El precio de la gasolina en México se mantiene bajo un esquema de ajustes constantes debido a la volatilidad de los precios internacionales del petróleo y la aplicación de los estímulos fiscales al IEPS. Este lunes 23 de marzo, las estaciones de servicio en el país operan bajo un monitoreo estricto de Profeco, institución que asegura que el 90 por ciento de los establecimientos cumple con los acuerdos de precios máximos. La intención de búsqueda sobre el costo por litro se ha disparado ante la incertidumbre global, pero los datos actuales indican que la Secretaría de Hacienda busca amortiguar los incrementos mediante el regreso de estímulos que reducen la carga tributaria para los consumidores finales en las variantes Magna y Premium.
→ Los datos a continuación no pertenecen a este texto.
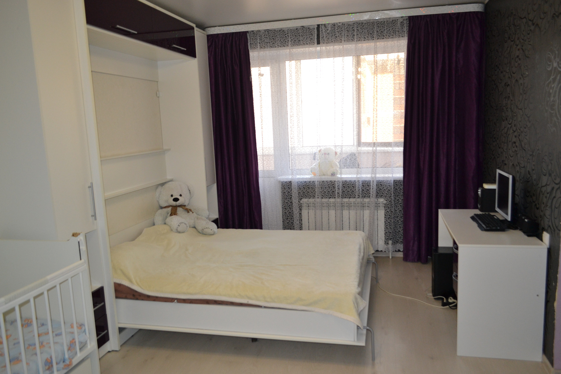 Однокомнатная квартира с мебелью, общая площадь 43 м.кв. с остекленной лоджией, 3 этаж, квартира в середине дома, дому 5 лет, собственность 5 лет, окна на южную сторону во двор с видом на детскую площадку, инфраструктура в шаговой доступности (школы, дет. сады, магазины, дет. парк), собственное отопление (котел-колонка), мебель в комнате (шкаф-кровать трансформер, шкаф купэ, комп. стол), мебель на кухне (кухонный гарнитур с встроенной газовой панелью и духовым электрическом шкафом, обеденный стол, стулья), мебель для прихожий. Интернет. Свои счетчики (газ, вода, свет день-ночь). Отделка комнаты (ламинат, натяжной потолок, обои). Отделка кухни (ламинат, натяжной потолок, декоративная штукатурка). Отделка санузла (керамическая плитка).
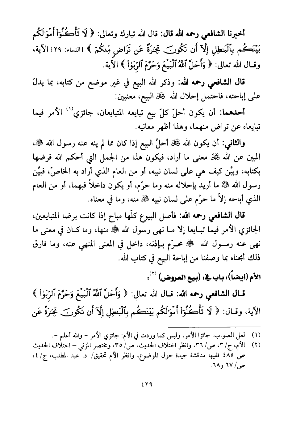أخبرنا الشَّافِعِي رحمه الله قال: قال الله تبارك وتعالى: (لَا تَأْكُلُوا أَمْوَالَكُمْ بَيْنَكُمْ بِالْبَاطِلِ إِلَّا أَنْ تَكُونَ تِجَارَةً عَنْ تَرَاضٍ مِنْكُمْ) الآية.

La fluctuación actual responde directamente al impacto de la guerra en Irán, factor que ha presionado al alza los precios del crudo Brent y WTI en los mercados internacionales. En México, este fenómeno técnico se traduce en una revisión semanal de la cuota del Impuesto Especial sobre Producción y Servicios (IEPS). Según reportes de medios financieros, el gobierno federal ajusta estos porcentajes para evitar que el precio de la gasolina supere la inflación anual, una estrategia que consume recursos fiscales significativos pero mantiene cierta estabilidad en el consumo interno frente a los choques externos provenientes del Medio Oriente. (Lee también: Lo que nadie te dijo sobre el apoyo de Femsa a la nueva ley de Sheinbaum.)

Este escenario de precios no es ajeno a España o el resto de Latinoamérica, donde el encarecimiento de la energía está impulsando las tasas de inflación por encima del 4 por ciento en varios mercados emergentes. En la región, países como Colombia y Chile también enfrentan presiones similares, aunque México posee una ventaja comparativa mediante su capacidad de refinación local y el control centralizado de los subsidios. Para el lector mexicano, esto significa que el costo de llenar un tanque de 40 litros puede variar hasta en un 5 por ciento entre estados fronterizos y el centro del país, afectando directamente el presupuesto familiar destinado a transporte y logística. (Lee también: Por qué el SAT reduce costos y cambia el juego de los impuestos.)

Un cambio estructural que está generando debate en redes sociales es la propuesta para eliminar el uso de billetes y monedas en el pago de gasolina y casetas de peaje. De acuerdo con información de medios especializados como Motorpasión, el gobierno busca implementar este año una transición obligatoria hacia métodos de pago electrónicos. Esta medida pretende digitalizar la economía y combatir la evasión fiscal, aunque representa un desafío técnico mayor considerando que una parte considerable de la población aún no cuenta con acceso pleno a servicios bancarios o terminales digitales confiables en zonas rurales. (Lee también: 5 razones por las que el juicio de Twitter afecta tu cuenta de X.)

Finalmente, la seguridad en torno a la infraestructura de hidrocarburos sigue siendo una nota crítica. Recientemente, reportes de prensa internacional destacaron el hallazgo de un migrante oculto junto al tanque de gasolina de un vehículo en la frontera, lo que subraya no solo los riesgos de seguridad pública sino la vulnerabilidad de las unidades de transporte. Mientras tanto, los usuarios deben mantenerse informados sobre los precios oficiales publicados diariamente, ya que la fluctuación por centavos puede representar un ahorro de hasta 200 pesos mensuales para un conductor promedio en México.